Launch of Pfizer’s Vyndaqel franchise has blown industry watchers’ estimates out of the water, putting more pressure on potential rival Alnylam Pharmaceuticals.
In its first full quarter after FDA approval to treat ATTR cardiomyopathy, Vyndaqel (tafamidis) collected $79 million in third-quarter U.S. sales, way above the Street’s consensus of $21 million. Worldwide, the drug brought in $156 million.
That outperformance surprised even SVB Leerink analyst Mani Foroohar, who caught an early whiff of success based on electronic medical record data.
“Given the quicker-than-expected ramp, Vyndaqel sales in the U.S. will probably land at the high end of our sensitivity analysis in the $228 million to $250 million range...as all signs point to successful market-building and a substantial opportunity for TTR-CM in the U.S.,” Foroohar wrote in a Wednesday note to clients.
Evercore ISI analyst Umer Raffat pointed to the number of patients diagnosed and the pace of diagnosis as “the big news.”
Pfizer and its investors know that Vyndaqel’s success depends on the Big Pharma’s ability to drive awareness of the condition and hence its currently meager diagnosis rate.
According to CEO Albert Bourla during a Wednesday conference call, about 4,100 commercial patients had been diagnosed as of August 31. Of them, about 2,600 patients had received a prescription for Vyndaqel and about 1,300 had started using the drug.
That number translates into a diagnosis rate of about 4%, according to Angela Hwang, Pfizer Biopharmaceuticals Group’s president. That’s already more than double the 1% to 2% before Vyndaqel’s approval but obviously far from ideal.
For most rare diseases, diagnosis rates can reach 30% to 50%, which informs Pfizer’s blockbuster-level peak estimates for Vyndaqel. “However, we are learning a tremendous amount every single day about this particular disease, about what it takes to diagnose it. Certainly we are focused on making sure that we can do better than that for our patients,” Hwang said.

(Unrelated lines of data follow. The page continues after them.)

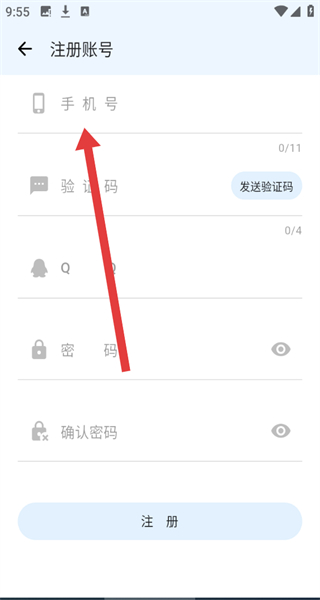 4、跳轉(zhuǎn)到注冊(cè)賬號(hào)頁(yè)面時(shí),依次填寫(xiě)對(duì)應(yīng)輸入框的注冊(cè)信息后,點(diǎn)擊注冊(cè)按鈕完成注冊(cè)。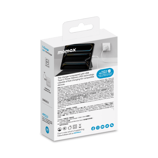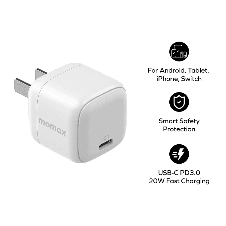 استمتع بتجربة شحن سريعة وآمنة مع شاحن MOMAX One Plug 20W USB-C Mini Charger المصمم لتوفير أقصى كفاءة في حجم صغير ومحمول.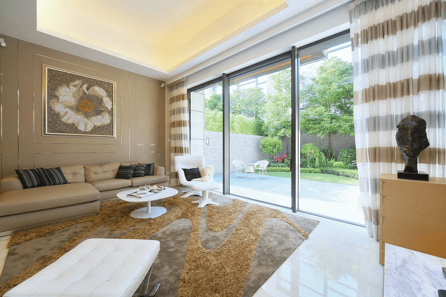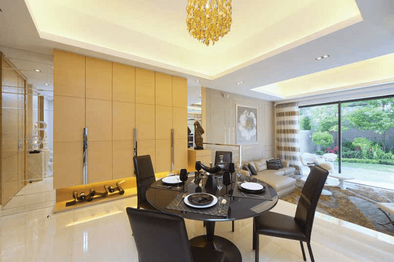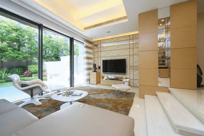 回歸大自然的懷抱,是何等幸福快樂!鳥語花香,工作壓力一掃而空。此案屋主崇尚自然的生活調子,獨立屋毗連花園打理得井井有條,樹林與草坡交織一幅高低有序的翠綠景致,綠意盎然,令人心曠神怡。自然暢泰的氛圍延伸入屋,全屋以木料為家具元素,啡木飾牆與儲物櫃遍佈廳區,電視背牆裱貼樹枝交疊的啡黃牆紙,地面鋪設一張泥黃色的地氈,啡與綠色予人清新舒適的感覺,平靜心靈,生活無拘無束。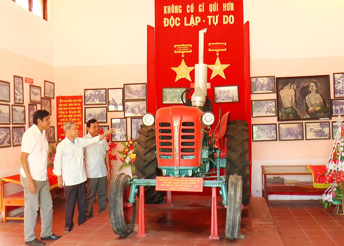 Chiếc máy cày Bác Hồ tặng cho cán bộ và Nhân dân xã Vĩnh Kim (nay là xã Kim Thạch) được trưng bày ở nhà truyền thống.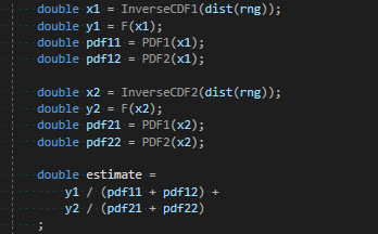 F is the function being integrated. PDF1 / InverseCDF1 are for the first importance sampling technique. PDF2 / InverseCDF2 are for the second importance sampling technique. You do this in a loop N times, and take the average of those N estimates, to get your final estimate.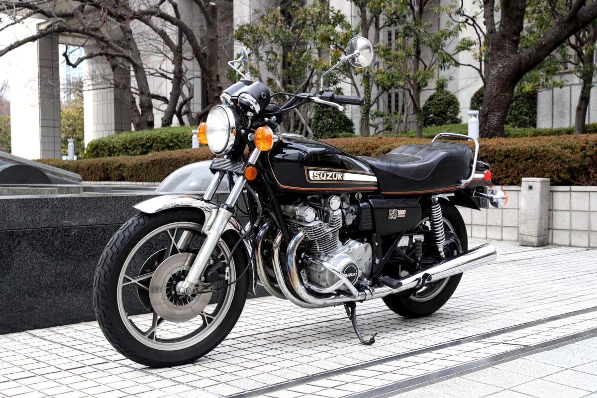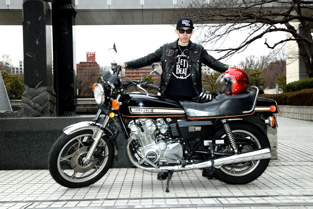 セ「昔からの知り合いでもある『君はバイクに乗るだろう』の編集長・坂下(浩康)さんと一緒にバイク探しの旅に出て、川口市のバットモーターサイクルさんでGS1000に出会ったんですけど、見たときにまず『ダース・ベイダーみたいだな』と思ったんですよね。で、タンクに大きく“GS”って描いてあって『なんだこのバイク!?』って衝撃を受けました。タンクも大きくて、Zよりも太い」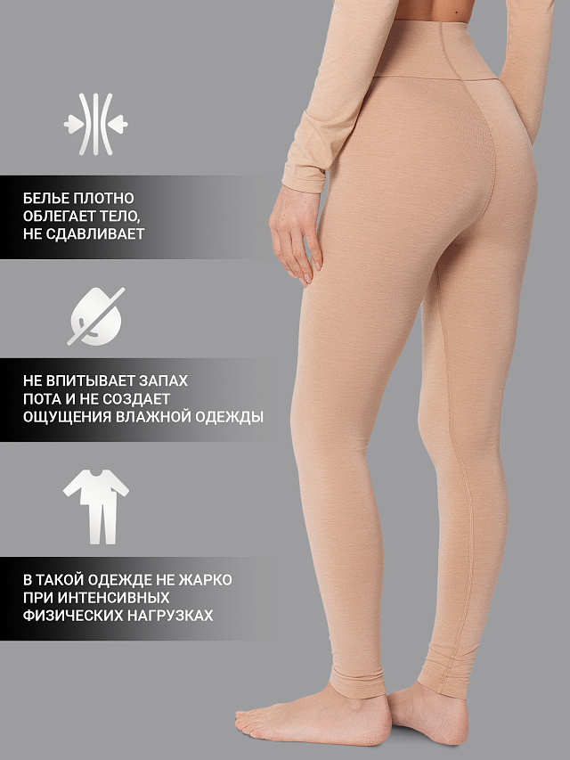 Плотные и облегающие, «дышащие» и гигроскопичные женские легинсы. Идеальны для любых зимних активностей и повседневного ношения – от прогулки по парку до катания на сноуборде. Отсутствие боковых швов и высокая посадка по талии делают леггинсы максимально практичными. В состав полотна, созданного по японской технологии, входит микроакрил, который благодаря своей толщине (меньше волоса человека в 10 раз), создает своеобразные воздушные карманы между нитями – именно за счет этого свойства легинсы такие теплые. Технология производства ткани позволяет термобелью выдерживать экстремальные температуры до -30 градусов Цельсия.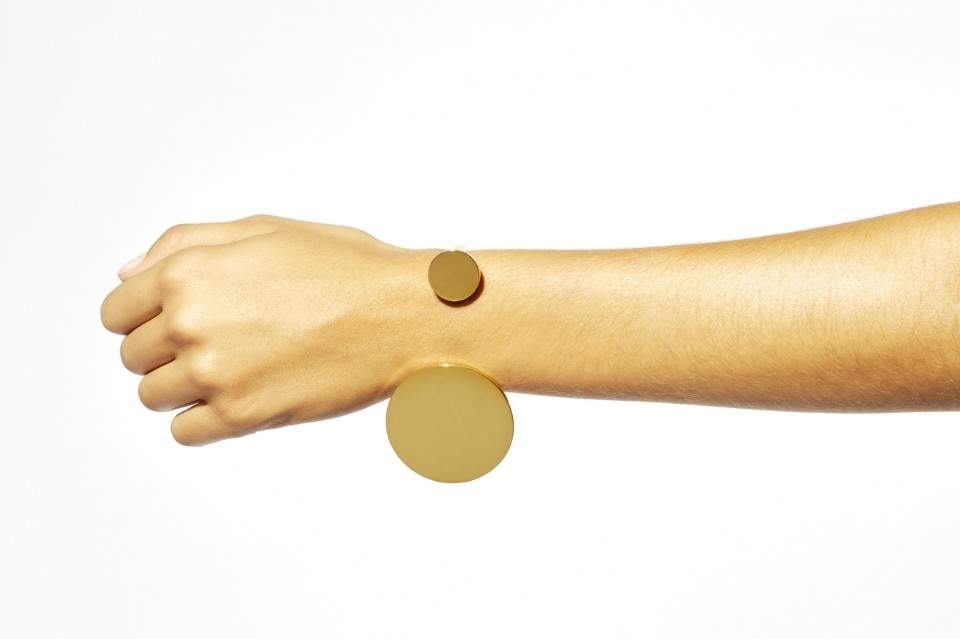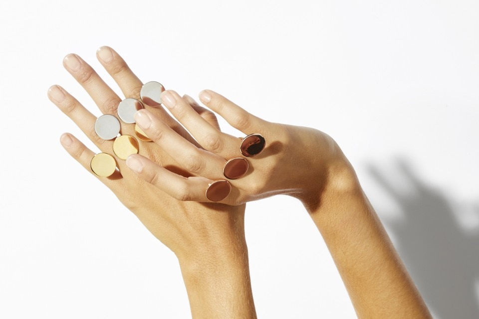 The selection of jewels for the Spring-Summer collection 2017 is made up of brass, available in different sizes and colours. The ring is seen in silver, gold and rose-gold metal, and the bracelet comes with two different sized discs in golden metal.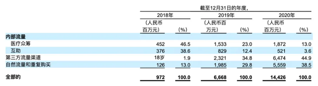 2018年,通過眾籌和互助引流實現的保費占比高達85%。 隨著業務擴張,產品外部流量占比不斷攀升,另外兩款產品的流量貢獻度大幅度下降。到了2020年,眾籌和互助引流實現的保費占比僅為17%。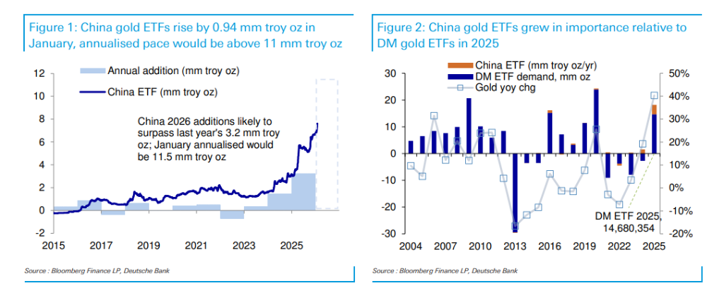 数据显示,仅2026年1月,中国黄金ETF的增持量就达到94万盎司。德银分析师Michael Hsueh指出,如果按此速度估算全年,2026年中国黄金ETF的增持量或将达到1150万盎司。

To help physicians “suspect” the disease, Pfizer has created a list of red-flag symptoms. “From there, we have been educating around the use of scintigraphy as a non-invasive means to diagnose ATTR-CM,” Hwang said. Rather than genetic testing being the key to diagnosis—as the Street was expecting—Pfizer estimates that about 90% of Vyndaqel patients were diagnosed via scintigraphy, a radiographic imaging technique.

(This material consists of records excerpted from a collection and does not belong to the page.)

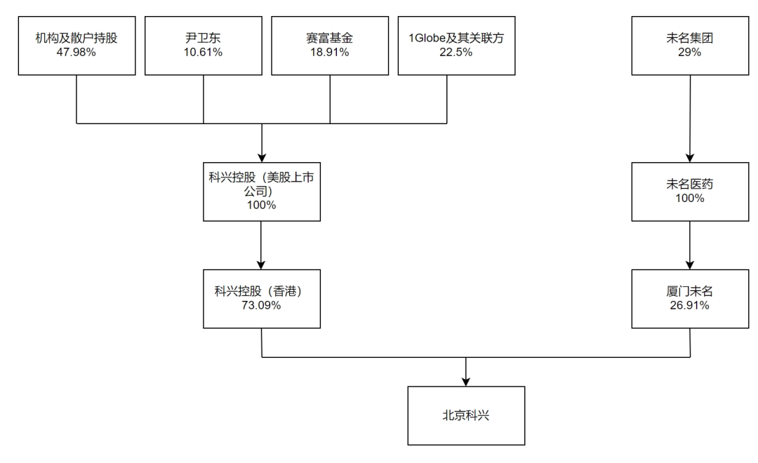 起初,潘爱华实控的未名集团是北京科兴的大股东;但为了给北京科兴赴美上市铺路、搭建红筹架构,未名集团将大部分股权让渡至尹卫东持股并担任董事长的科兴控股名下,改为以签署备忘录,约定未名集团享有对北京科兴10项重大事项一票否决权,以及董事长、法定代表人的永久委派权利的方式,实控北京科兴。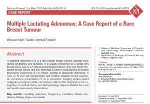 نشرت مجلة سجلات طبية Scripta Medica بحثاً علمياً مشتركاً حول ( أدينوما الإرضاع المتعددة: تقرير حالة لورم نادر في الثدي A Multiple Lactating Adenomas; A Case Report of a Rare Breast Tumour ) في المجلد 56 العدد 2 (2025) والذي أعدته الأستاذ المساعد الدكتورة وسن نوري محمد ( التدريسية في فرع النسائية والتوليد في كلية الطب / الجامعة المستنصرية ) بالتعاون مع باحثة من وزارة الصحة .
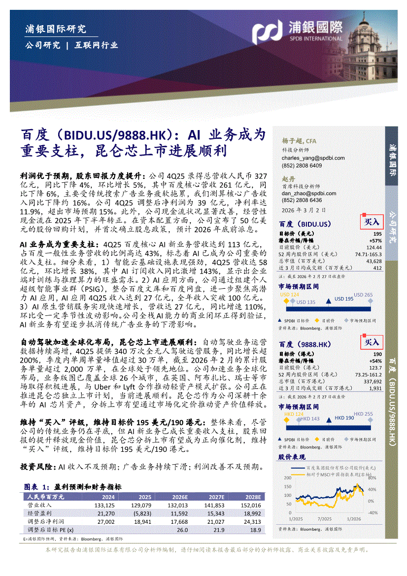 百度:浦银国际-百度-BIDU.US-AI业务成为重要支柱,昆仑芯上市进展顺利-260302

As Pfizer cheers its rapid Vyndaqel launch, Foroohar sees “a challenging setup” for Alnylam’s Onpattro, which is approved to treat ATTR poluyneuropathy (PN), a different disorder driven by the ATTR gene. But Onpattro's also in trials for ATTR-CM, where would go head-to-head with Vyndeqel. Pfizer, meanwhile, is gunning for an ATTR-PN approval, too.

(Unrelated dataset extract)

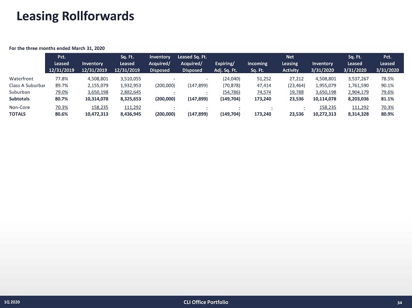Leasing Activity 33 1Q 2020 Notes: (1) Inclusive of escalations. CLI Office Portfolio For the three months ended March 31, 2020 Number of Total Sq. Ft. Sq. Ft. Renewed Average Weighted Avg. Wtd. Avg. Wtd. Avg. Costs Transactions Sq. Ft. New Leases and Other Retained Sq. Ft. Term (Yrs) Base Rent ($) (1) Sq. Ft. Per Year ($) Waterfront 3 51,252 - 51,252 17,084 9.7 $48.01 $4.91 Class A Suburban 2 47,414 - 47,414 23,707 9.5 44.43 5.93 Suburban 11 74,574 41,269 33,305 6,779 11.0 35.11 3.30 Subtotals (1) 16 173,240 41,269 131,971 10,828 10.2 $41.48 $5.18 Non-Core - - - - - - - - TOTALS 16 173,240 41,269 131,971 10,828 10.2 $41.48 $5.18 For the three months ended March 31, 2020 Pct Leased Impact of Impact of Pct. Leased Sq. Ft. Leased Sq. Ft. Leased Sq. Ft. 12/31/2019 Acquisition/Disposition Leasing Activity 3/31/2020 Commercial Service Unleased Waterfront 77.8% 0.0% 0.6% 78.5% 3,328,245 209,022 971,534 Class A Suburban 89.7% (9.3%) 0.4% 90.1% 1,753,592 7,998 193,489 Suburban 79.0% 0.0% 0.5% 79.6% 2,815,500 88,679 746,019 Subtotals 80.7% (1.9%) 0.4% 81.1% 7,897,337 305,699 1,911,042 Non-Core 70.3% 0.0% 0.0% 70.3% 108,432 2,860 46,943 TOTALS 80.6% (1.9%) 0.4% 80.9% 8,005,769 308,559 1,957,985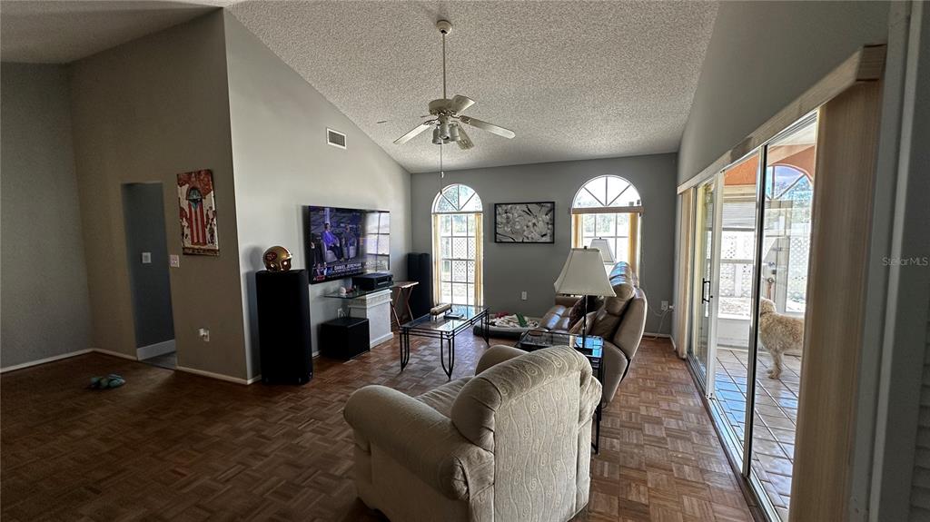 Split Bedroom Vaulted Ceiling(s)Ceiling Fan(s) Eating Space In Kitchen High Ceilings Living Room/Dining Room Combo Thermostat Window Treatments Solid Surface Counters Solid Wood Cabinets Primary Bedroom Main FloorExterior Features:

On Thursday, Alnylam reported worldwide Onpattro sales of $46.1 million—largely in line with consensus of $45.5 million—with $33.6 million of that coming from the U.S. Though the RNAi drug's U.S. sales marked 19% growth quarter-over-quarter, it’s obviously far behind Vyndaqel.
Playing catch-up in ATTR-CM, Alnylam has started Onpattro's phase 3 Apollo-B study, aiming for a label expansion around 2021 to 2022, the company’s R&D chief, Akshay Vaishnaw, said on a Thursday earnings call.
The company also has vutrisiran, which is moving through a phase 3 study dubbed Helios-A for hATTR polyneuropathy, and headed for a Helios-B study in inherited and wild-type ATTR-CM.
If successful, that follow-up drug could pose a convenience advantage; it’s a quarterly subcutaneous injection. In comparison, Onpattro is an intravenous infusion given once every three weeks, oral Vyndaqel requires once-daily dosing and Ionis’ rival Tegsedi comes as a subcutaneous injection once weekly.